When converting a loco to dcc is there a difference in which decoder you have to buy. Like are there certain ones for a certain loco.
Been reading but confused.


----------



## I Am Fasha (Apr 2, 2013)

Im new to DCC, but I think this is only important if you are buying a decoder with sound. I have installed about 6 decoders so far. All of them have been Digitrax none sound. Either DH or DN123's and one DN135. The "D" is for Digitrax. The second letter is for the scale. I like Digitrax. They come with easy to understand instructions.


----------



## Southern (Nov 17, 2008)

I Am Fasha said:


> All of them have been Digitrax none sound.


Liar! ( can say that because he is a friend of mine) You have also installed one NCE.

Some decoders are made for some locos. Others are made to fit almost any thing. What are you wanting to put on ie?


----------



## Prospect193 (Nov 30, 2011)

Southern said:


> Liar! ( can say that because he is a friend of mine) You have also installed one NCE.


HAHAHAHA!!! What a meanie you are!!!:laugh:


----------



## I Am Fasha (Apr 2, 2013)

Southern said:


> Liar! ( can say that because he is a friend of mine) You have also installed one NCE.


LOL I forgot about that one Southern and true :thumbsup:


----------



## timlange3 (Jan 16, 2013)

Generally the smaller scales need less power, so a decoder for N scale may not provide enough power for HO, O, or G scale engines.
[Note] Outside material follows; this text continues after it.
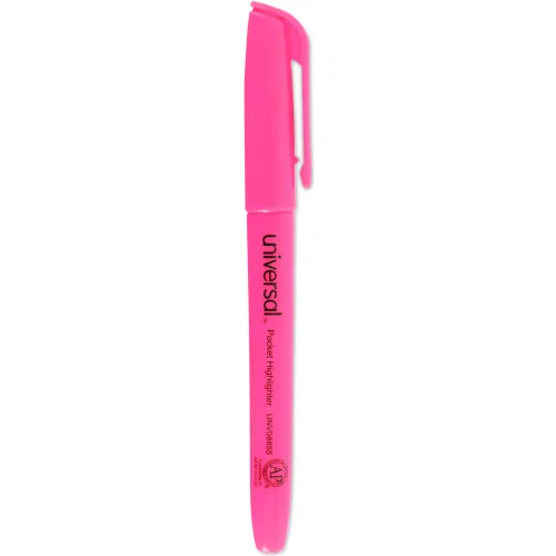 Universal Pocket Clip Highlighter, Chisel Tip, Fluorescent Pink Ink, 1 Dozen
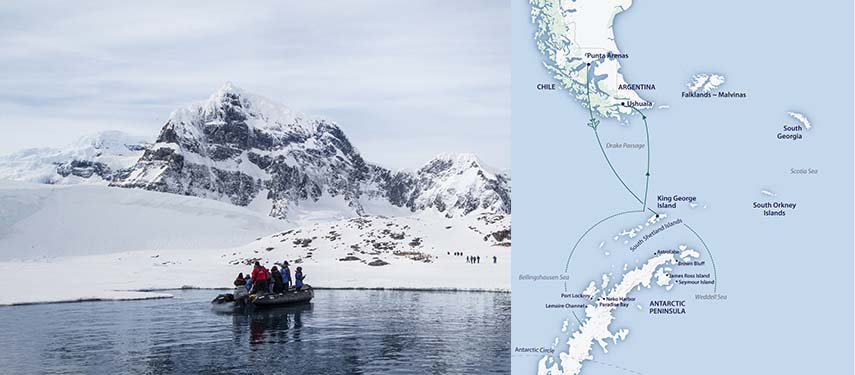 Day 01 | Arrival airport transfer and overnight in Punta Arenas Day 02 | Fly Punta Arenas to King George Island for embarkation Days 03-09 | Antarctic Peninsula Day 10-11 | Drake Passage Crossing Day 12 | Disembark Ushuaia

You need to find out the maximum current draw of your engine and get a decoder that can supply at least that amount of current.

The next thing is features, a basic decoder will control engine speed and the front and rear lights. More features get you ditch lights, strobe lights, cab light, sound (bell, horn, engine), back EMF (so it doesn't slow down on uphills, or go faster on downhills), and so on.


----------



## D&J Railroad (Oct 4, 2013)

The decoders that are wrapped in a blue plastic are general decoders and can be installed in any locomotive, depending on scale of course and whether its steam or deisel.
The decoders that are longer narrow boards with connection tabs on the sides and ends are designed for specific models which is noted in the decoder description.


----------



## Ml-toys (Dec 19, 2013)

timlange3 said:


> Generally the smaller scales need less power, so a decoder for N scale may not provide enough power for HO, O, or G scale engines. You need to find out the maximum current draw of your engine and get a decoder that can supply at least that amount of current.
> 
> The next thing is features, a basic decoder will control engine speed and the front and rear lights. More features get you ditch lights, strobe lights, cab light, sound (bell, horn, engine), back EMF (so it doesn't slow down on uphills, or go faster on downhills), and so on.


Ok, i am usind N-scale and have some that i would just like to try and convert before indecide to buy new locos. Thanks for the list of features, had no idea you can do all that.
That EMF sounds cool, kinda like having cruise control on in your car.

Thank you


----------



## golfermd (Apr 19, 2013)

My experience so far says that the dimensions of the DCC decoder are the determining factor. Sound cards are will fit fairly easy. It's the speaker that is the issue.


----------



## Ml-toys (Dec 19, 2013)

thanks everyone


----------



## NIMT (Jan 6, 2011)

Ml-toys said:


> When converting a loco to dcc is there a difference in which decoder you have to buy. Like are there certain ones for a certain loco.
> Been reading but confused.


Yes and No. 
Some loco and engines are PLug and play some are replaceing a board, and some are hard wired.


I Am Fasha said:


> Im new to DCC, but I think this is only important if you are buying a decoder with sound. I have installed about 6 decoders so far. All of them have been Digitrax none sound. Either DH or DN123's and one DN135. The "D" is for Digitrax. The second letter is for the scale. I like Digitrax. They come with easy to understand instructions.





timlange3 said:


> Generally the smaller scales need less power, so a decoder for N scale may not provide enough power for HO, O, or G scale engines. You need to find out the maximum current draw of your engine and get a decoder that can supply at least that amount of current.
> 
> The next thing is features, a basic decoder will control engine speed and the front and rear lights. More features get you ditch lights, strobe lights, cab light, sound (bell, horn, engine), back EMF (so it doesn't slow down on uphills, or go faster on downhills), and so on.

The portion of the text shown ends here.